FIG. 1 illustrates a conventional floor beam 1 for an aircraft fuselage. The beam 1 comprises an I-section with a stiffened shear web 2 extending between upper and lower flanges 4, 6. The shear web 2 is provided with a regularly spaced series of identical oval weight-saving and system cut-outs 8. A number of stiffeners 9 are provided along the length of the web between the cut-outs to increase the amount of load which can be supported by the beam 1.
As most clearly seen in FIG. 2 (“Airframe Structural Design”, by Michael C. Y. Niu, 2nd Edition, Hong Kong Conmilit Press Ltd.), a number of these floor beams 1 typically extend across the width of the fuselage to support a fuselage floor. The ends 7 of each beam 1 are bolted to a respective fuselage frame 10. Each beam 1 is also supported vertically by a pair of floor beam support struts 11 which are joined to a corresponding pair of clevis fittings 12 which extend down from the lower flange 6. Additionally, a number of seat rails 13, which extend parallel to the longitudinal axis of the fuselage, are attached to the upper flanges 4 of the floor beams 1.

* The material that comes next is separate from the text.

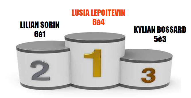 Ils avaient à résoudre 6 énigmes (à raison d’une tous les 10 jours environ). L’heure est à présent au bilan et aux (petites) récompenses. C’est en 4e 5 que les élèves ont été le plus assidus. La première place revient à Laura P, félicitations à elle ! Elle est suivi d’Aedan L, Ewen J, Mathys T, Alexis C, Gabin W et Alexi C qui n’ont pas démérité non plus : bravo à eux et à tous ceux qui ont participé.

The seat rails, along with cabin items, such as passengers, monuments, partitions etc carried by the fuselage floor, exert a loading (down, up, longitudinal and lateral) on the upper flanges 4 of the floor beams 1. The floor beam support struts 11 exert a relatively concentrated upward vertical reaction load on the lower flanges 6 via the clevis fittings 12. The regions of the shear web 2 adjacent the fittings 12 are particularly critical areas of the beams 1 as they need to support the concentrated shear loads exerted by the floor beam support struts 11.
To avoid extreme local bending of the lower flange 6, the shear web 2 is locally reinforced with extra stiffeners around the fittings 12 (or alternatively by locally thickening the shear web 2). This local reinforcement also ensures a gradual shearing of the concentrated vertical load into the beam. However, the extra reinforcement adds significant weight to the design.
As the aircraft fuselage can contain upwards of 60 of these floor beams, any reduction in the weight of an individual beam 1 can lead to significant overall weight savings.
Optimisation of the conventional floor beam design is typically performed by varying the width/thickness of the upper/lower flanges, by varying the width/thickness of the vertical stiffeners and by varying the thickness of the shear web. The number of vertical stiffeners and the distance between them, as well as the size and shape of the cut-outs 8 can also be varied.